1

I want to extract the number of (outer) items inside the parentheses associated with a. For example for the following examples:

a(b(c d) f)

a has two items b(c d) and f therefore output is 2.

e(a(h f))

a has two items h and f therefore output is 2.

b(c a(d(f) h(i j) l(2 k z)))

a has three items d(f) and h(i j) and l(2 k z) therefore output is 3.
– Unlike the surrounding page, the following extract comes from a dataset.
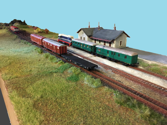 Po cca 3 měsících od objednání frézování překližky jsou moduly se základní krajinou a budovami kompletně provozuschopné včetně výhybek řízených digitálně (po naprogramování lze servo dekodér připojit rovnou na dvojlinku napájení kolejí – programování musí proběhnout přes „programovací kolej“).

Not sure how solve this but first I try to convert the strings to where they start with a(

m=re.search("a\((.*)\)\)", string)
print m.group()

What's the best approach to solve this?

Sahar
  • 61
  • 4

1 Answers1

2

You can use a class with recursion to build a structure with nested lists to represent each item and its contents in parenthesis:

from typing import NamedTuple
import re
class Token(NamedTuple):
   value:str
   type:str

class Parse:
  grammer = r'\w+|\)|\('
  types = [('alpha', '\w+'), ('Oparen', '\('), ('Cparen', '\)')]
  def __init__(self, parsed):
     self.parsed = iter(parsed)
     self.stack = []
     self.parse()
  def parse(self):
    start = next(self.parsed, None)
    if start and start.type != 'Cparen':
      if start.type == 'alpha':
         self.stack.append(start.value)
      elif start.type == 'Oparen':
         _p = Parse(self.parsed)
         self.parsed = _p.parsed
         self.stack.append(_p.stack)
      self.parse()
  def __len__(self):
     return sum(isinstance(i, str) for i in self.stack[-1])
  def __getitem__(self, func):
     return self.__class__.find_length(func, self.stack)
  @classmethod
  def find_length(cls, val, params):
     for i in range(len(params)-1):
        if params[i] == val:
          return sum(not isinstance(i, list) for i in params[i+1])
        if isinstance(params[i+1], list):
          return cls.find_length(val, params[i+1])
  @staticmethod
  def tokenize(d):
    return [Token(i, [a for a, b in Parse.types if re.findall(b, i)][0]) for i in re.findall(Parse.grammer, d)]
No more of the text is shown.